Tu as regardé ton bonsaï ce matin. Les feuilles pendent, certaines sont tombées pendant la nuit, les branches ont l’air cassantes, le tronc semble sec. Tu es sûr qu’il est mort. Tu te demandes même si tu ne vas pas le mettre à la poubelle avant de sortir le chien.

Attends un peu. Ce n’est jamais une bonne idée de décider en voyant juste un tas de feuilles par terre. Les bonsaïs ont une capacité de résilience qu’on sous-estime. Même sans une seule feuille, il arrive qu’ils repartent au printemps suivant, comme si de rien n’était. La vraie difficulté, c’est de distinguer un arbre en dormance profonde d’un arbre définitivement sec. Et pour ça, il faut regarder l’écorce, les racines et le bois sous l’écorce.

L’erreur classique, c’est de confondre les symptômes d’un stress avec la mort complète. Un ficus peut perdre toutes ses feuilles en une semaine si tu l’as déplacé brutalement vers une fenêtre froide.

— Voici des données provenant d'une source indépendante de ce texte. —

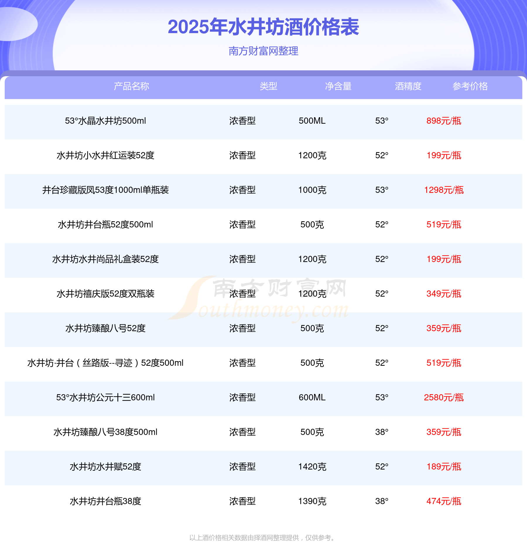 2025年,水井坊大坛收藏级原浆天球瓶66度、水井坊博物馆壹号53度双瓶装、53°水井坊公元十三600ml等水井坊酒价格如下:水井坊大坛收藏级原浆天球瓶66度参考价13999元/瓶、水井坊博物馆壹号53度双瓶装参考价10988元/瓶、53°水井坊公元十三600ml参考价2580元/瓶。

Ce n’est pas une raison pour acheter un nouveau bonsaï à 80 euros. Tu as encore des chances de le sauver. Voici les gestes qui te permettront de trancher, dans l’ordre.

Pourquoi ton bonsaï a l’air mort sans l’être vraiment

La plupart des espèces qui se retrouvent dans un petit pot en intérieur réagissent très vite aux variations. Si tu arroses trop, les racines pourrissent, l’arbre ne pompe plus d’eau, les feuilles se dessèchent et tombent, et toi tu crois qu’il a soif. Tu arroses encore plus, la pourriture avance, et tu obtiens un cadavre en accéléré. C’est le scénario le plus fréquent.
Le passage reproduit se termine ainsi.